A, B PFS and OS stratification by SLAMF7 promoter 1 activity. C, D PFS and OS stratification by SLAMF7 gene expression activity. E Final model selected with BIC for PFS including the activity of the AAP1 of SLAMF7, AAP3 of REEP5, and the ISS stage. F, G Kaplan–Meier curves with dichotomized events of PFS in training and test set. The full figure is shown in Supplemental Fig. 1. H Final model selected with BIC for OS including the activity of the AAP2 of BTN3A1, AAP1 of RPL30, AAP3 of ACSS1, AAP1 of RWDD1, AAP1 of SLAMF7, ISS stage, and amplification 1q21. I, J Kaplan–Meier curves with dichotomized events and grouped for better visualization of OS in training and test set. The full figure is shown in Supplemental Fig. 2. Number of events: refers to those factors included in the final PFS or OS model, respectively. ev: events.

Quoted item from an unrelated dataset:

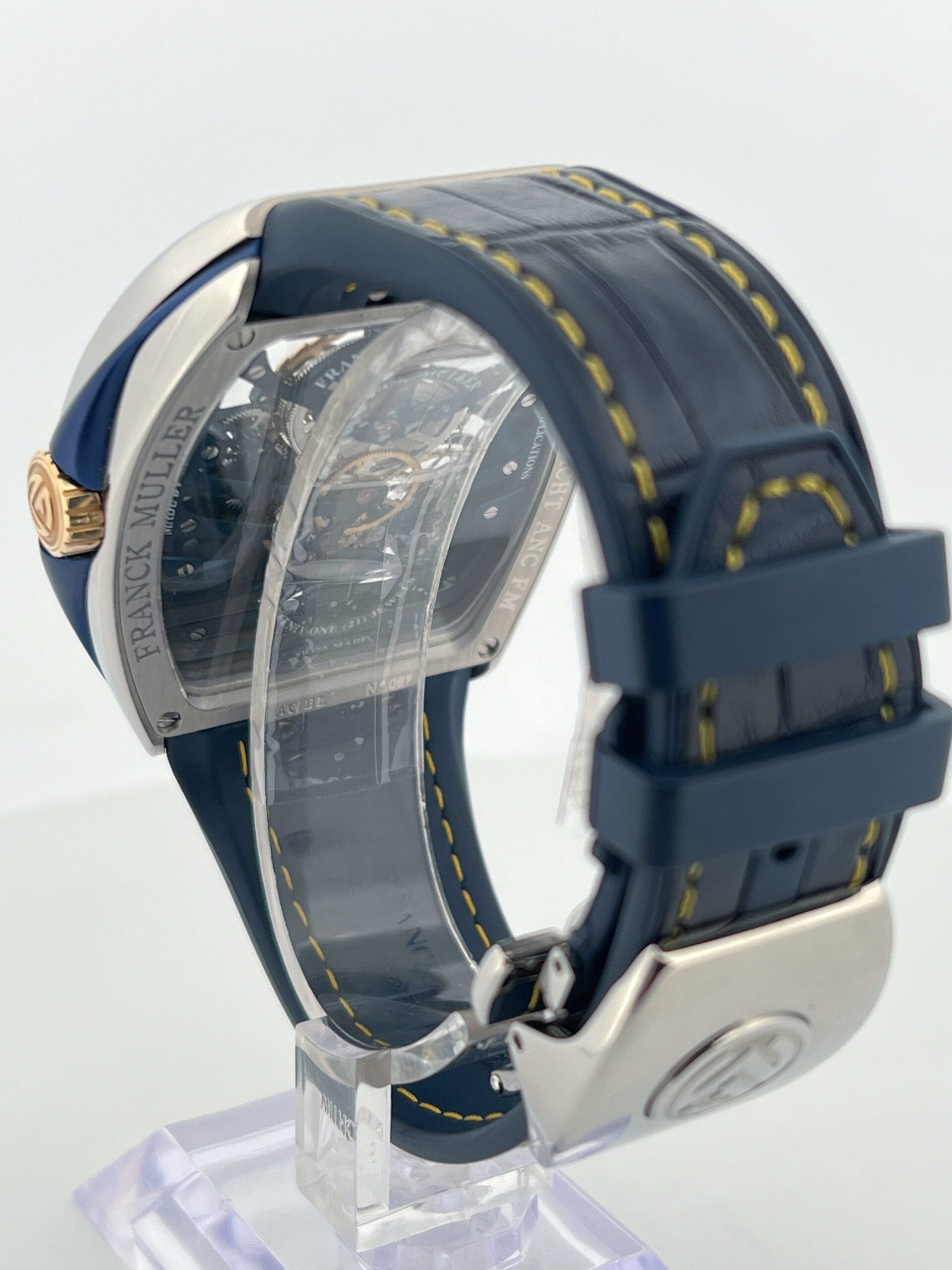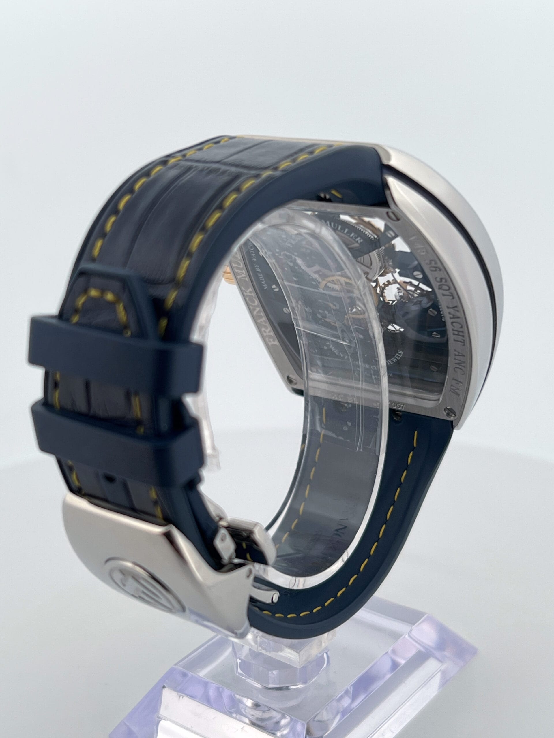 Framed in a polished steel curvex case, the watch carries the commanding proportions typical of the Vanguard line—measuring 44mm wide, 53.7mm long, and sweeping over the wrist like the hull of a racing yacht. But it’s the subtle contrast—the warmth of rose gold accents against the cool gleam of steel—that transforms this piece from a statement into a study in controlled elegance.

Next, using multivariate Cox regression model and stepwise model selection with Bayesian information criterion (BIC) [10], we evaluated the hazard prediction power, for both PFS and OS, of the combination between AAP and risk genetic markers in MM patients [11,12,13,14,15]: ISS, t(4;14), t(14;16), t(14;20), del17p, deletion of CDKN2C, del1p, amp1q and mutations of TP53. Interestingly, we detected that AAP significantly over-perform the information provided by genetic alterations in terms of PFS and OS. In the multivariate analysis, we identified ISS stage and AAP of REEP5 and SLAMF7 genes (Supplemental Fig. 1, Supplemental data 4) with independent prognostic value for PFS, and provided a predictive model whose cumulative activity discriminated 3 different risk groups (Fig. 2E, F). This was also validated in the test cohort (Fig. 2G). Regarding OS, we identified the AAP of five genes, RWDD1, SLAMF7, ACSS1, BTNG3A1, and RPL30 (Supplemental Fig. 1, Supplemental data 4) that together with the ISS stage and amplification of 1q discriminated patients with different prognosis (Fig. 2H; Supplemental Fig. 2A). Again, these factors generated a risk assessment model with four distinct risk groups for OS (Fig. 2I) in the training cohort that was validated in the test cohort (Fig. 2J; Supplemental Fig. 2B). Finally, we also performed an ANOVA test to compare the models derived from genetic risk factors only or combining genetic risk factors with AAP, finding a significant improvement for the combination of both risk factors for PFS (p-value = 2e–5) and OS (p-value = 4e–10).

In summary, in this study, we demonstrate that RNA-seq data can be exploited in a non-conventional way to identify AP and AAP in MM and that the expression derived from AAP shows a greater contribution as a survival risk biomarker than high-risk genetic classifiers used currently in the clinical outcome of MM patients.